It’s been so long since I’ve posted a Mamavation Monday post, I had someone check on me last week asking if I was coming back. It has also been one month since I pretty much gave up. I gained a lot of weight starting a birth control pill and then when I went off of it, I started my period the following day, then had about a week and then had the worst PMS, bloating and a real period that started shortly after that. I spent most of last week on the couch not able to move, because every time I did…it was bad news. I gave in to too much the last month or so and have just been way too easy on myself. It all came to a point last night when my mom and husband pretty much told me I have to do something. I have been loosely trying, but whenever it gets tough, I give up and give in to old / bad habits and it has to stop.

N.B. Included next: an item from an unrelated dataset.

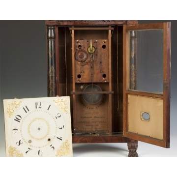 | Mahogany case, original stenciling, carved eagle & claw feet. Original painted wood dial. Original reverse painted tablet, loss. 30 hour time & strike weight driven wood works movement. |

I am loving my gym membership and it’s the best money I’ve spent in a very long time, but as the saying goes “You can’t out train a bad diet.” I put that theory to the test, and it’s true…so very true. I’ve basically wasted my time at the gym the past couple of weeks – and I didn’t go at all last week – because I have been eating like absolute CRAP every single day. I’ve been so embarassed to do anything, because I have gained back everything I lost when I was on weight watchers…and more. In all fairness, I just weighed myself, I’m dressed, have already had two meals today…but no more excuses. It is what it is, and it’s not pretty.
Just in case you can’t read that, it says 215.8 which is horrifying. I can’t believe this. I hate the way I feel. I’m out of breath, I’m exhausted all the time, I eat like crap, I drink way too much diet coke, I hardly drink water, I eat too much fast food and not enough vegetables.

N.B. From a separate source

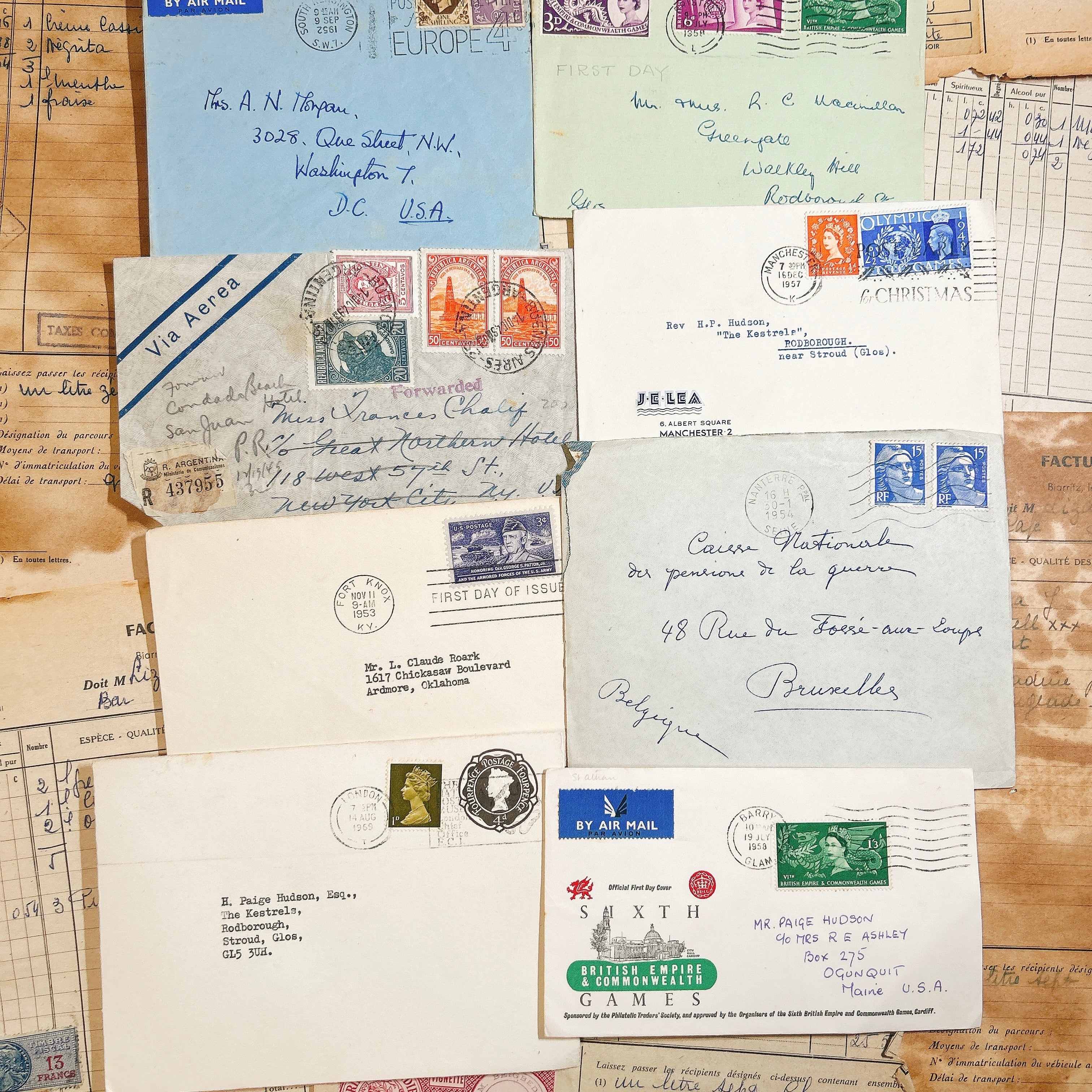 中には、エアメール用の独特なデザインの封筒や、華やかな切手が添えられたものも含まれており、当時の郵便事情や国際交流を垣間見ることができます。エレガントな書体の宛名や、イギリスの伝統的な郵便スタンプが組み合わさった封筒もあり、それぞれが個性豊かで異なる物語を語りかけてきます。

And I just realized I have on two different socks. Awesome.
I have made a choice to go on a Dr. approved program. For the next 7 days, I’m supposed to add in two cups of vegetables to lunch and dinner and also add in fresh fruits as well. I’m also supposed to drink at least 64oz of water and keep exercising. Next week, I will start the official program which concentrates on lean proteins, vegetables, whole grains and healthy fats. The best part is that, it requires little to no thinking on my part. I will be given a list of foods to eat and a list of foods to eat in moderation. I will be given meal plans and a shopping list as well. I used to think that a plan that told me what to eat, how much, etc would drive me crazy, but I have realized it’s exactly what I need. The absolute hardest part for me right now is to be surrounded by foods, and I love the simplicity of being able to prep all of my food for a week and just grab what I need to eat at any point during the day.
And now for the Mamavation Monday question for today!
What steps have you made so far this year to improve your quality of life?
I joined a gym a few weeks ago and I’m working on the eating portion of losing weight. I realize that no matter how hard I work out, I need to control my eating as well.